:: THE TASK ::
Only the lines from the one containing "Portable Bluetooth speaker" through the last line below belong in your copy; transcribe them exactly and omit any pictures.

(Data extracted from a collection)

------------------------------------------------------------

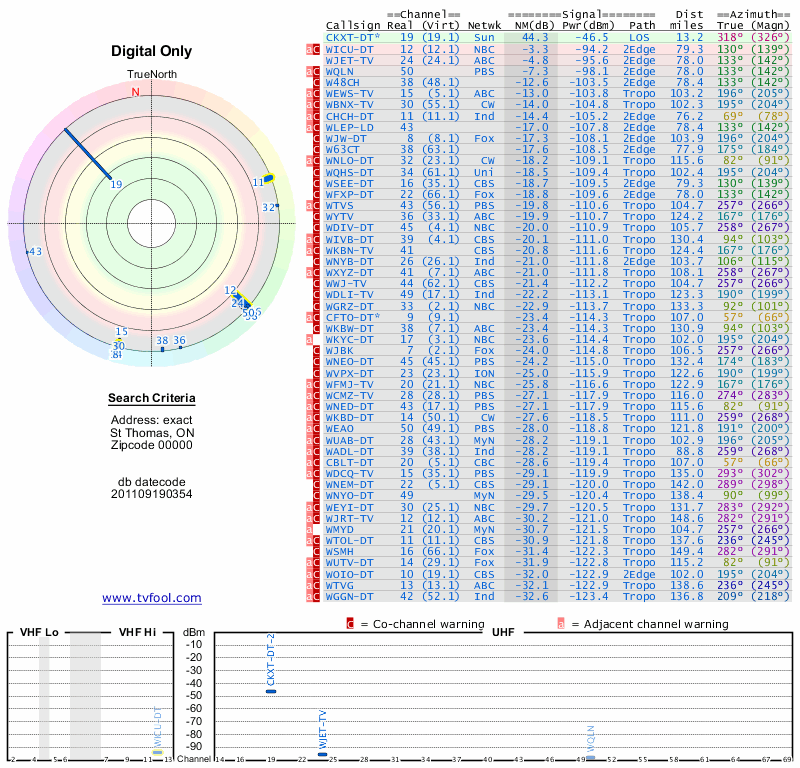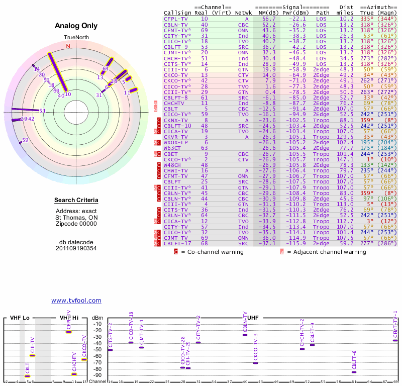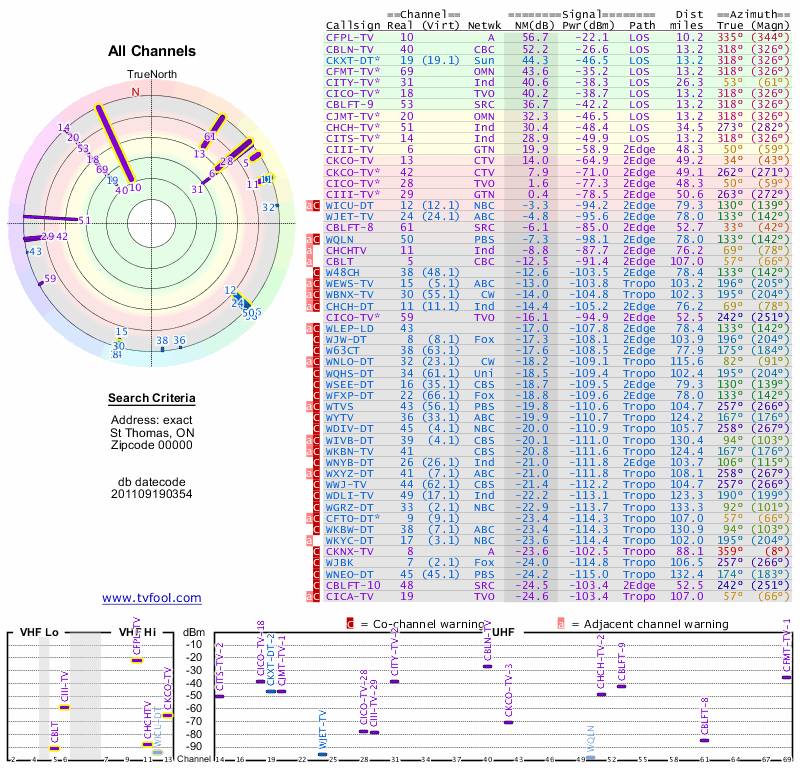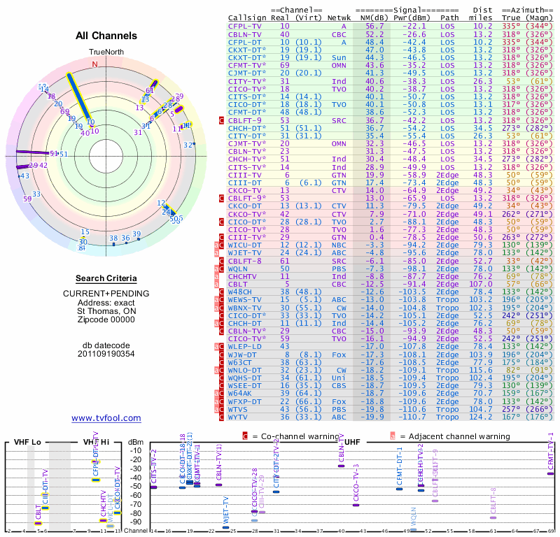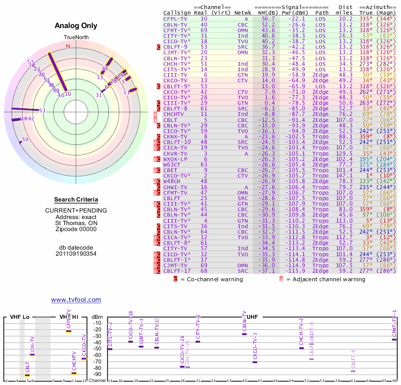 Here are the results for your location. The transmitter database was last updated on June 7, 2013. For more information about these plots and how to interpret them, please check out the Signal Analysis FAQ.
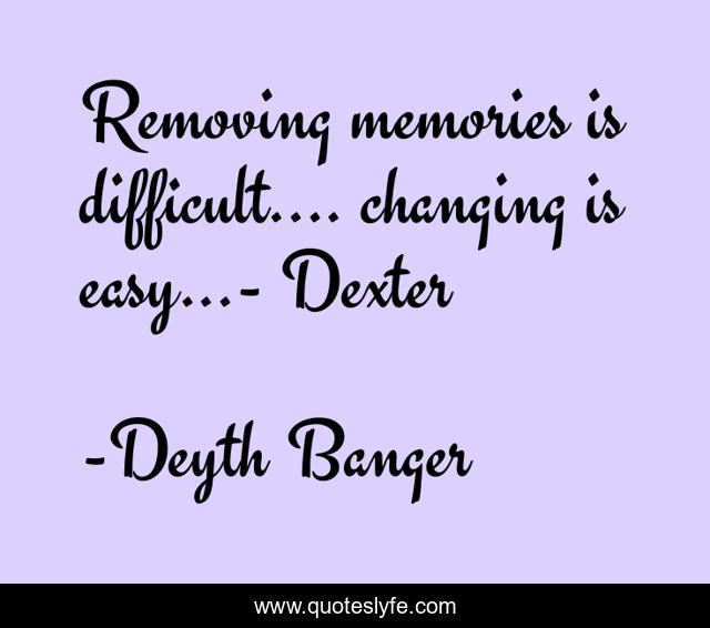 This page presents the quote "Removing memories is difficult.... changing is easy...- Dexter". Author of this quote is Deyth Banger. This quote is about memories, dexter, difficult,.
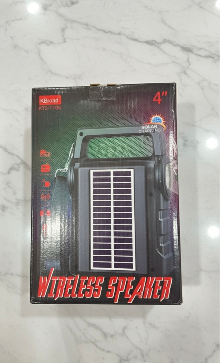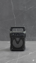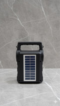 Portable Bluetooth speaker with solar charging, LED torch, FM radio, and multiple input modes. Ideal for outdoor and travel use.
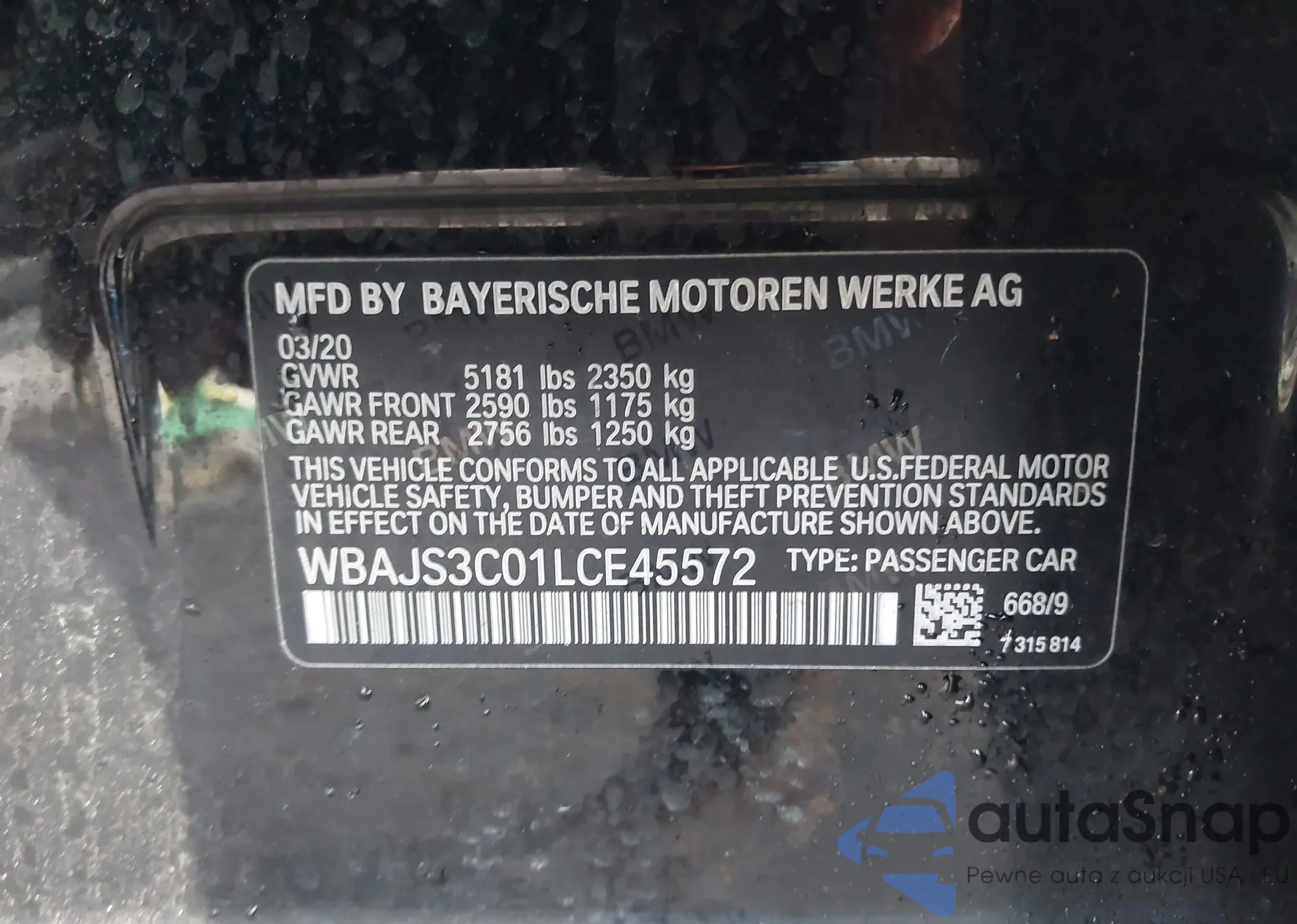 VIN: WBAJS3C01LCE45572
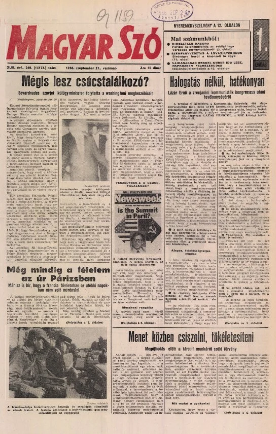 Magyar Szó, 43. évf. 1986. szeptember 21. 260. sz. 1–28. oldal
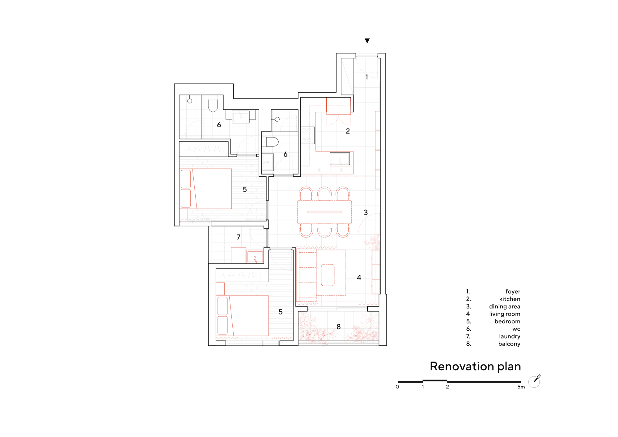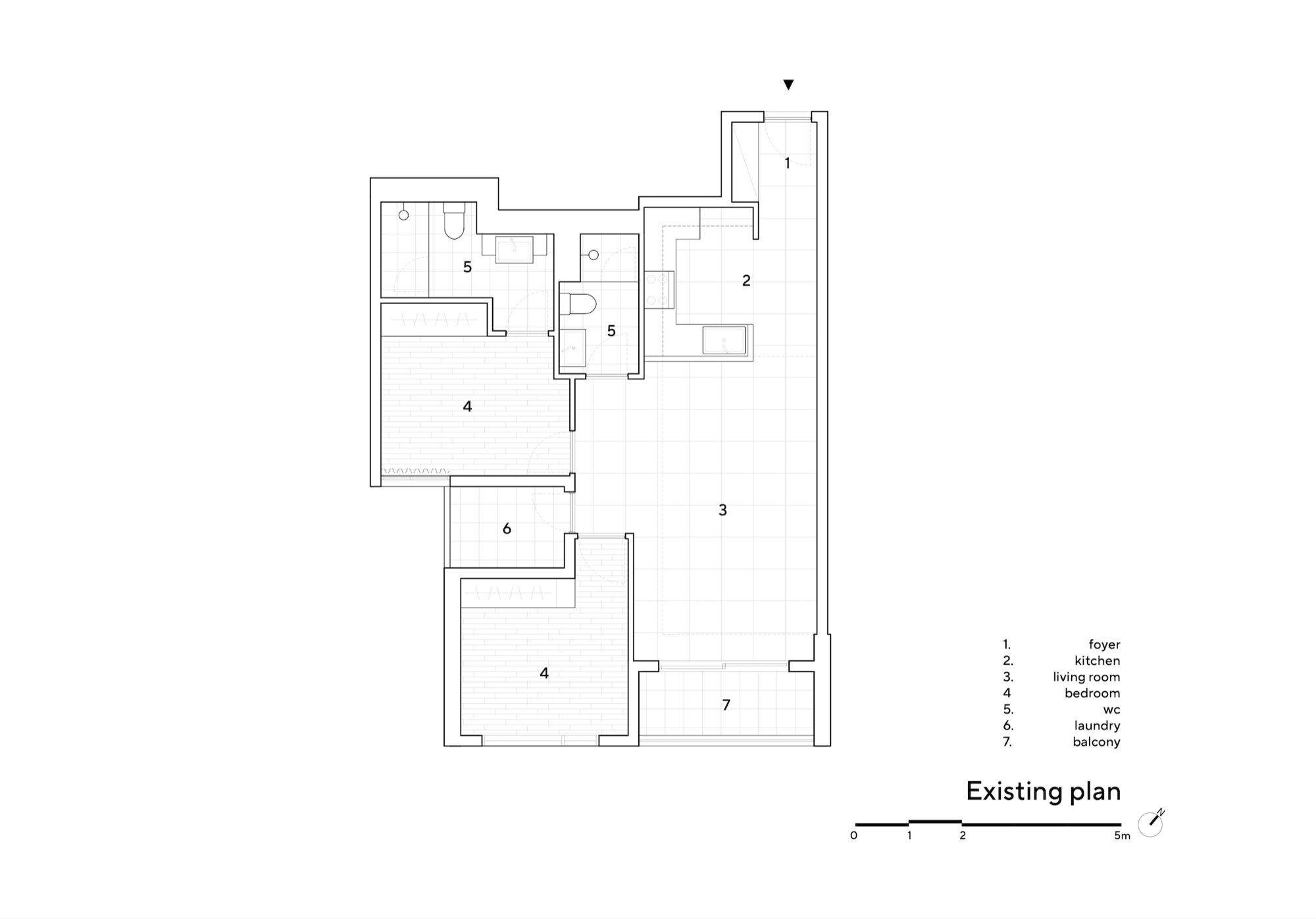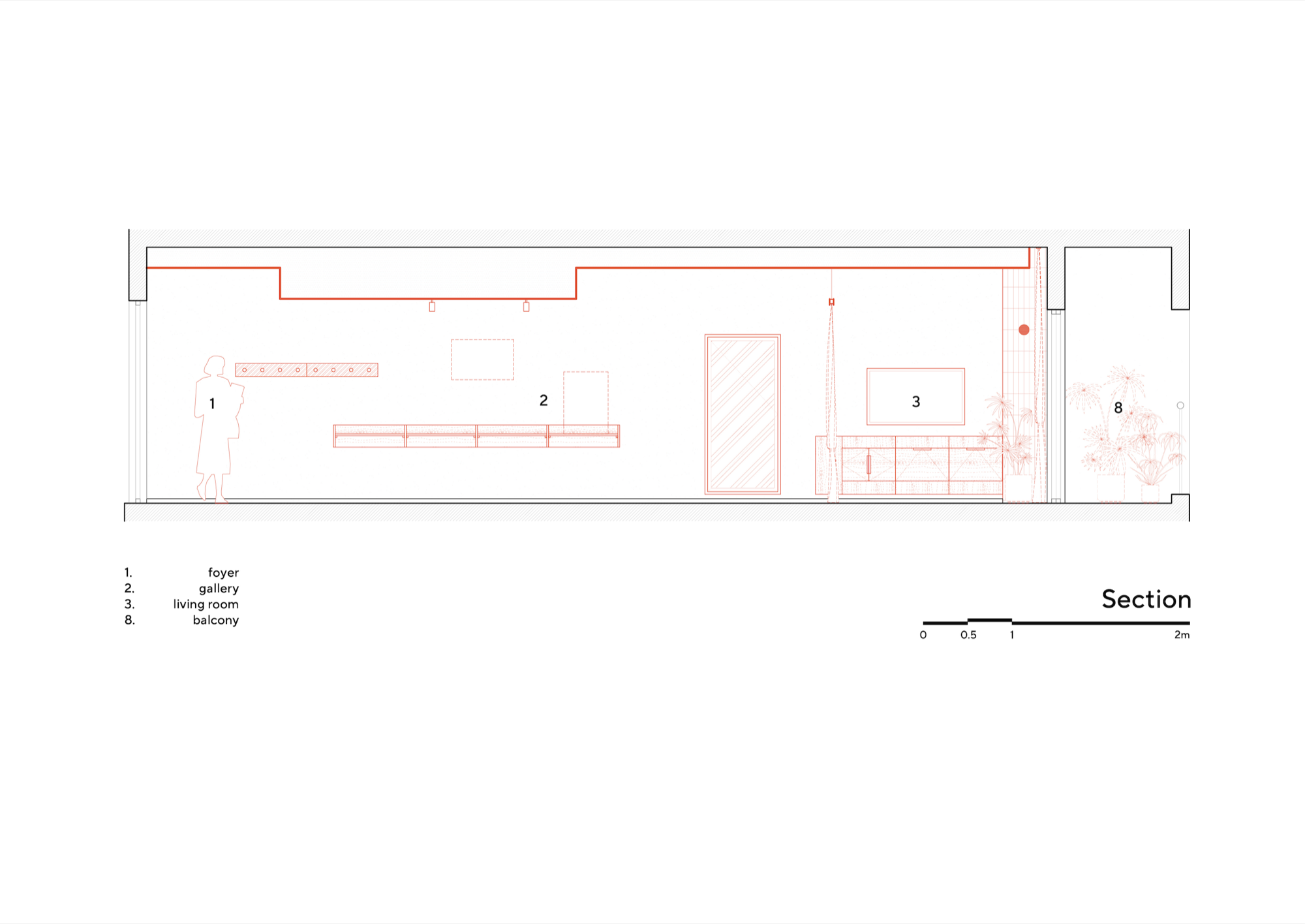 Flat #02 hiện ra như một lát cắt điển hình của đời sống đô thị: hẹp, sâu và gần như khép kín trong những giới hạn sẵn có. Thay vì “làm mới” bằng thay thế, nhóm thiết kế chọn giữ lại cấu trúc và vật liệu hiện hữu, và dịch chuyển trọng tâm sang việc tái tổ chức không gian sống.
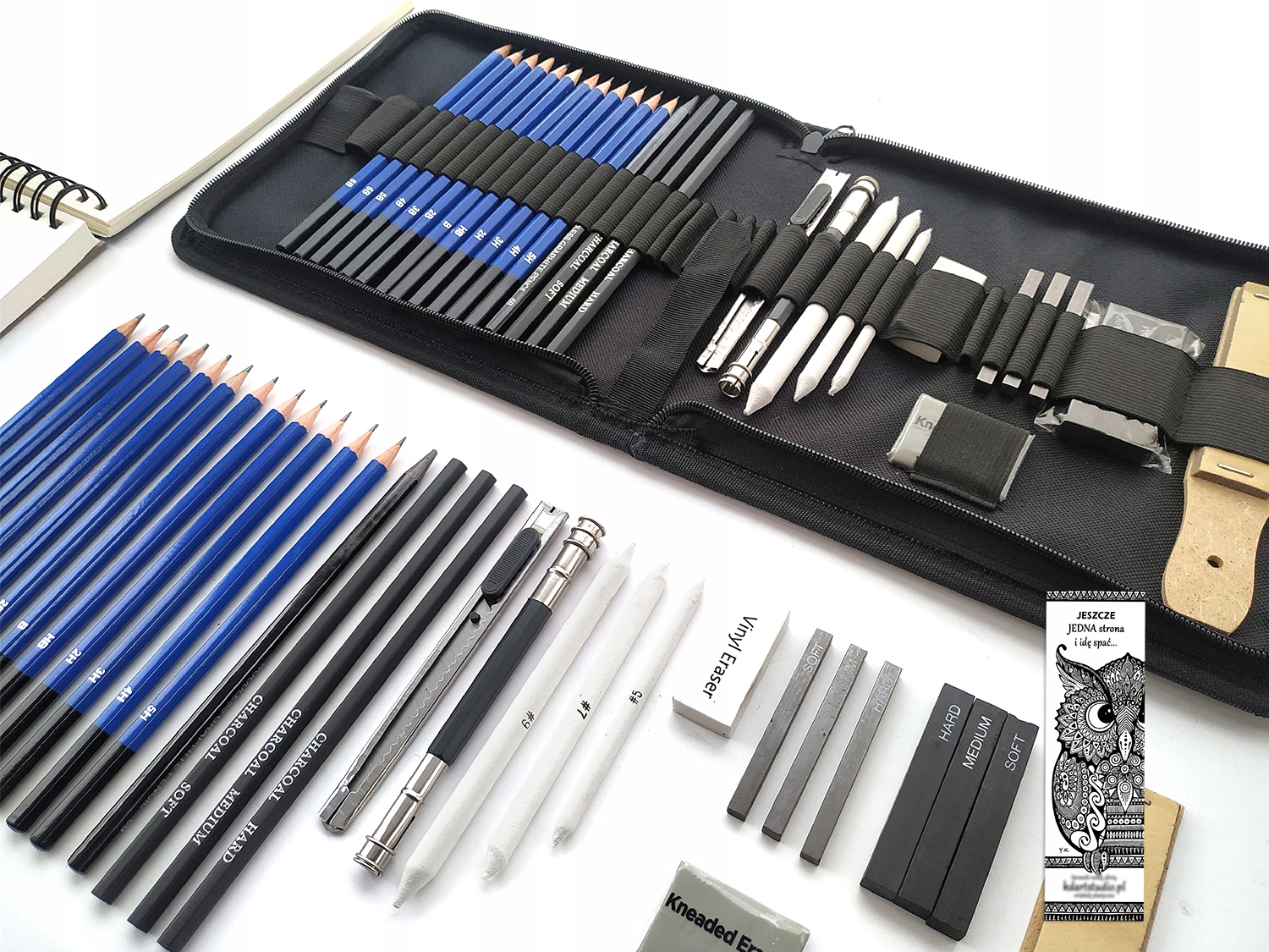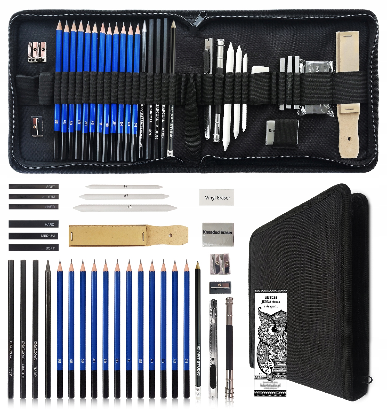 - 32 ELEMENTS - набір має дуже великий вибір елементів, призначених для креслення, малювання тощо. Ви можете вибрати олівці різної м’якості, шматочки вугілля, гумки та багато інших корисних інструментів для письма, які знадобляться під час роботи.

------------------------------------------------------------

:: RESULT OF THE TASK ::
 Portable Bluetooth speaker with solar charging, LED torch, FM radio, and multiple input modes. Ideal for outdoor and travel use.
 VIN: WBAJS3C01LCE45572
 Magyar Szó, 43. évf. 1986. szeptember 21. 260. sz. 1–28. oldal
 Flat #02 hiện ra như một lát cắt điển hình của đời sống đô thị: hẹp, sâu và gần như khép kín trong những giới hạn sẵn có. Thay vì “làm mới” bằng thay thế, nhóm thiết kế chọn giữ lại cấu trúc và vật liệu hiện hữu, và dịch chuyển trọng tâm sang việc tái tổ chức không gian sống.
 - 32 ELEMENTS - набір має дуже великий вибір елементів, призначених для креслення, малювання тощо. Ви можете вибрати олівці різної м’якості, шматочки вугілля, гумки та багато інших корисних інструментів для письма, які знадобляться під час роботи.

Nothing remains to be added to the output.